*** Begin section ***
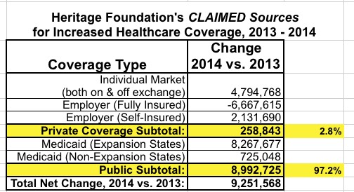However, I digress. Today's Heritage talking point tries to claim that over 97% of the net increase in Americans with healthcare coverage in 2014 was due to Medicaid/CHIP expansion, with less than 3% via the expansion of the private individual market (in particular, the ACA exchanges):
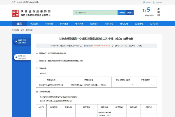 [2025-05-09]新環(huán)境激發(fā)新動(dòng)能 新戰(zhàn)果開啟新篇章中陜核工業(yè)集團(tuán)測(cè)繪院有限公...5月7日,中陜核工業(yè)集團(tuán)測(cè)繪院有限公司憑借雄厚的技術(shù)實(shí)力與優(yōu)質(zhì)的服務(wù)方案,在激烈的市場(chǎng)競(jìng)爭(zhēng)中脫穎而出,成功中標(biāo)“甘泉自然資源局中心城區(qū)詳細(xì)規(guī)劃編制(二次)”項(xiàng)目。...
*** End section ***
*** Begin section ***
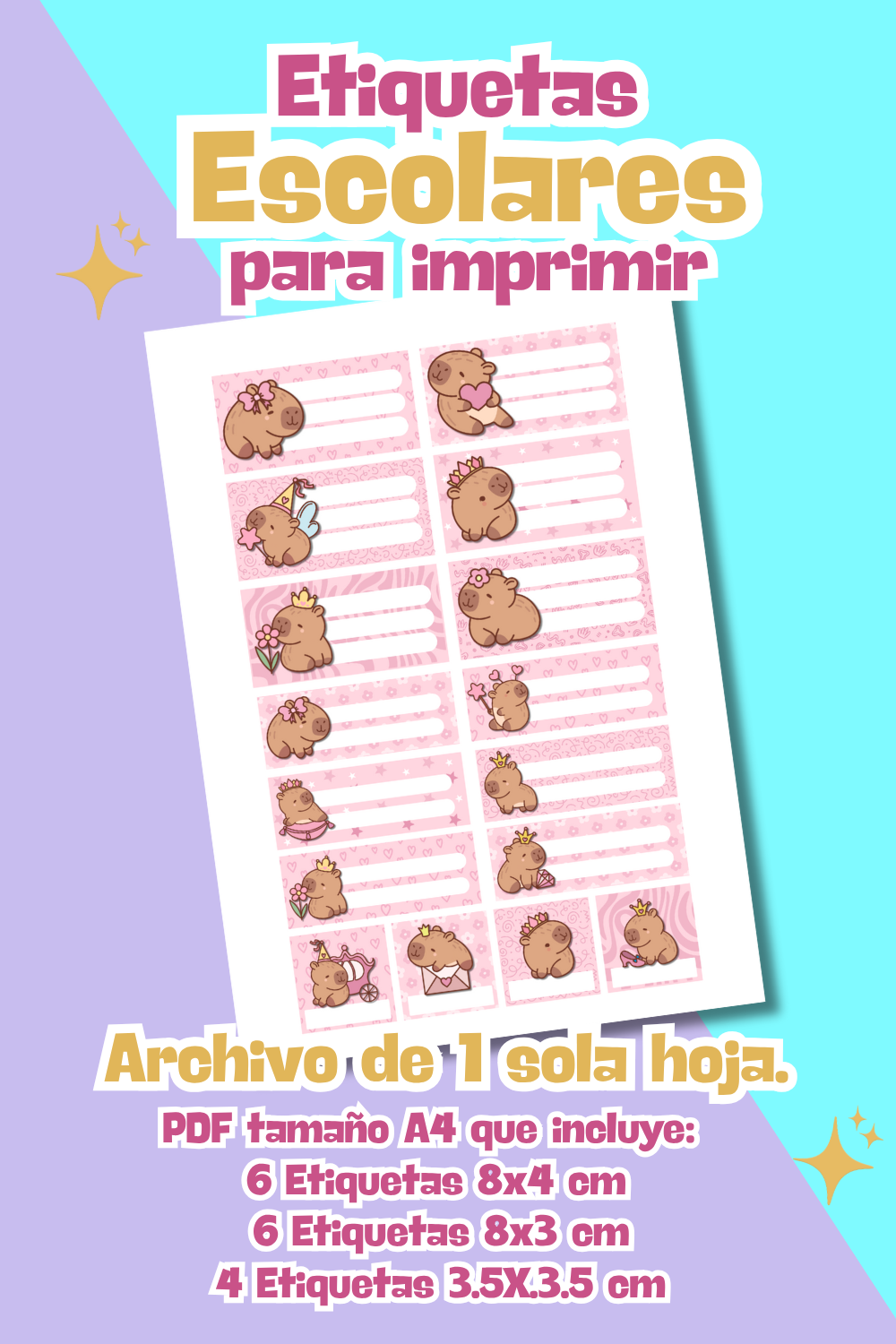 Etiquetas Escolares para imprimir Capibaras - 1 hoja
*** End section ***
*** Begin section ***
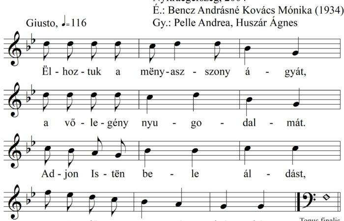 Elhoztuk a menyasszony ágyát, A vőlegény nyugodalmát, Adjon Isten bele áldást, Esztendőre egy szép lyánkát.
*** End section ***
PROBLEM: Take the entries above and copy exactly the lines starting at the one with "However, I digress." and ending at the one with "[2025-05-09]新環"; nothing outside that span, and no pictures.

OUTPUT OF THE EXERCISE:
However, I digress. Today's Heritage talking point tries to claim that over 97% of the net increase in Americans with healthcare coverage in 2014 was due to Medicaid/CHIP expansion, with less than 3% via the expansion of the private individual market (in particular, the ACA exchanges):
 [2025-05-09]新環(huán)境激發(fā)新動(dòng)能 新戰(zhàn)果開啟新篇章中陜核工業(yè)集團(tuán)測(cè)繪院有限公...5月7日,中陜核工業(yè)集團(tuán)測(cè)繪院有限公司憑借雄厚的技術(shù)實(shí)力與優(yōu)質(zhì)的服務(wù)方案,在激烈的市場(chǎng)競(jìng)爭(zhēng)中脫穎而出,成功中標(biāo)“甘泉自然資源局中心城區(qū)詳細(xì)規(guī)劃編制(二次)”項(xiàng)目。...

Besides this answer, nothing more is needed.